WHAT YOU SHOULD DO: Your copy should hold only the lines from the one with "about 6 months." to the one with "5.-2.625 d., zoon", both included, each exactly as it stands below, with no pictures.

··· INFORMATION SHOWN

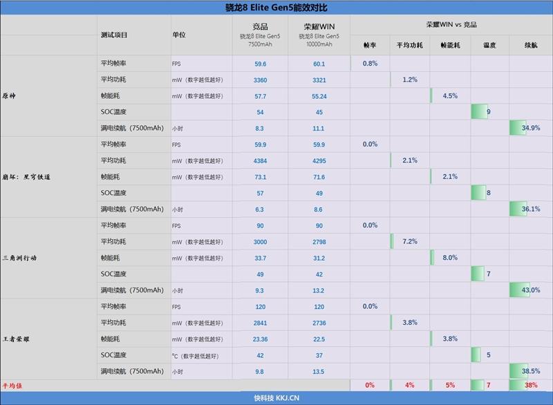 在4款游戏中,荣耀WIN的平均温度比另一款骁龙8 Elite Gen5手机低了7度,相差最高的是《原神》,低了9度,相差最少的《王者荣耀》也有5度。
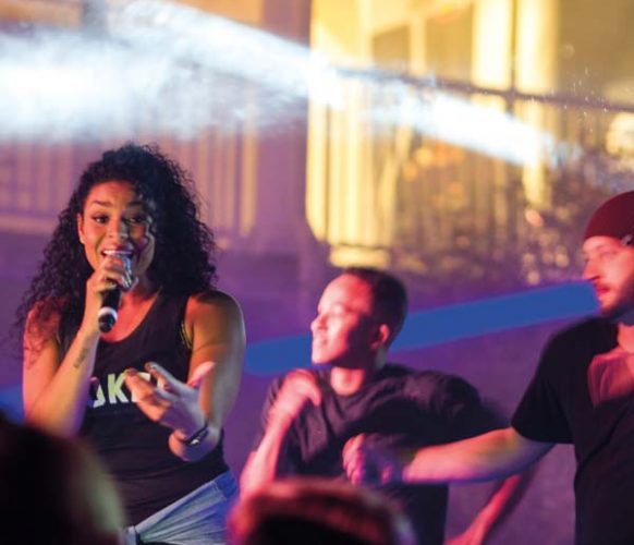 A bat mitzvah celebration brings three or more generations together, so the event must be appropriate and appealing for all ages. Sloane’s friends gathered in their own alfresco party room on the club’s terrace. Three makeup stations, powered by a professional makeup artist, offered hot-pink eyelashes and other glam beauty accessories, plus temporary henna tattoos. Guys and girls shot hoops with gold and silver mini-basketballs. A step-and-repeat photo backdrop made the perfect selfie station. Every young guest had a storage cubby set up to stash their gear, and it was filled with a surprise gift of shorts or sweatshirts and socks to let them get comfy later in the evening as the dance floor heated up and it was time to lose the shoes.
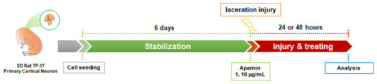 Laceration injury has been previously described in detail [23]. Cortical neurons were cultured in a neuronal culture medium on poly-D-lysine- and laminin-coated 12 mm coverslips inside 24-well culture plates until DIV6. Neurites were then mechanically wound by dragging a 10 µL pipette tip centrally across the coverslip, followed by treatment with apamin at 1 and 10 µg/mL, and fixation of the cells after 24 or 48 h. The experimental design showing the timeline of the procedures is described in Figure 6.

······
··· INFORMATION SHOWN

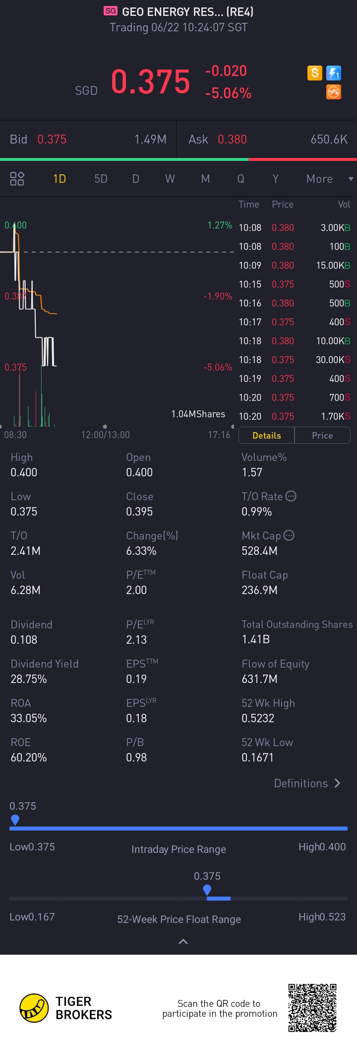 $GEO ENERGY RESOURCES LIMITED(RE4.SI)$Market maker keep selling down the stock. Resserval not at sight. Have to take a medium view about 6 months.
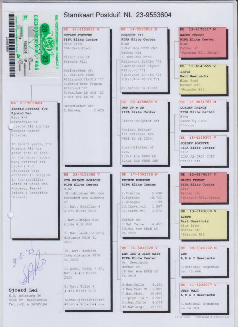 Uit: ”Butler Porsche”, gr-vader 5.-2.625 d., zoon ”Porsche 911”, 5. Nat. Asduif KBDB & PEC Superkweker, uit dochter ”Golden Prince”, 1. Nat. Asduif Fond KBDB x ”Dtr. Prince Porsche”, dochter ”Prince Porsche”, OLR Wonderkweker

······

OUTPUT OF THE EXERCISE:
 $GEO ENERGY RESOURCES LIMITED(RE4.SI)$Market maker keep selling down the stock. Resserval not at sight. Have to take a medium view about 6 months.
 Uit: ”Butler Porsche”, gr-vader 5.-2.625 d., zoon ”Porsche 911”, 5. Nat. Asduif KBDB & PEC Superkweker, uit dochter ”Golden Prince”, 1. Nat. Asduif Fond KBDB x ”Dtr. Prince Porsche”, dochter ”Prince Porsche”, OLR Wonderkweker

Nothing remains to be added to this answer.